Daraus ergibt sich die Frage, ob sich bei späteren Autorenkombinationen digitaler Materialien das Archivwesen stärker verändern muss, um den komplexen Anforderungen des digitalen Zeitalters gerecht zu werden. Die Ganzthematik von Bukowski, Burroughs und dem Computer beleuchtet somit eine Schnittstelle, die weit über die reine Technik hinausgeht: Es geht um künstlerische Haltung, kulturellen Wandel und die Neudefinition des Autors und des literarischen Werkes im Zeitalter digitaler Medien. Sie zeigt, wie alte und neue Welten aufeinandertreffen und welche Chancen, aber auch Risiken in der Digitalisierung von Literatur stecken. Aus heutiger Sicht stellt sich zudem die Frage, wie neuere Generationen von Autoren mit digitalen Geräten umgehen und wie sich das Erbe von Figuren wie Bukowski oder Burroughs in einer Welt entfaltet, in der Schreiben längst ein hybrides Medium zwischen Bildschirm, Netz und gedrucktem Buch ist. Die Entwicklung geht weiter, und das Spannungsverhältnis zwischen Tradition und Innovation bleibt ein zentrales Element im kreativen Prozess.
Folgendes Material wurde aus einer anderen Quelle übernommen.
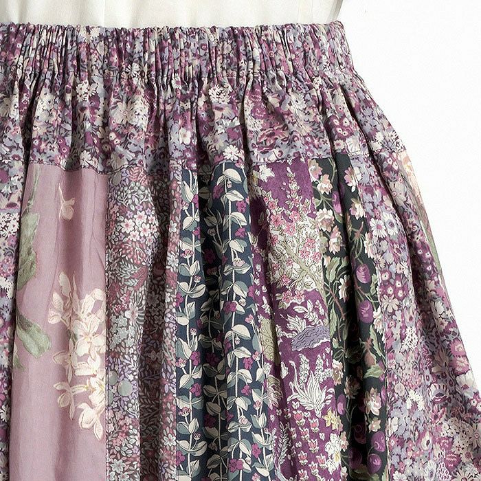 縦長にカットした生地を12柄セットしたカットクロスセットをつかってつくる、スカートの材料セットです。グレー、ワイン系のカラーリングでまとめました。リバティプリント ソープ・ヒルとゴムベルト、説明書がセットになっています。

Somit ist die Geschichte von Bukowski und Burroughs in Verbindung mit dem Computer nicht nur eine historische Fußnote, sondern ein Tor zu einem größeren Verständnis über das Wesen des Schreibens in unserer Zeit. Sie lehrt, dass Technologie weder Fluch noch Segen an sich ist, sondern stets vom Individuum, seiner Haltung und seinem kreativen Ausdruck abhängt. Die Offenheit Bukowskis und die reflektierte Skepsis Burroughs geben literarischen und technologischen Dialogen somit eine spannende, mehrdimensionale Gestalt, die auch in Zukunft inspirieren wird.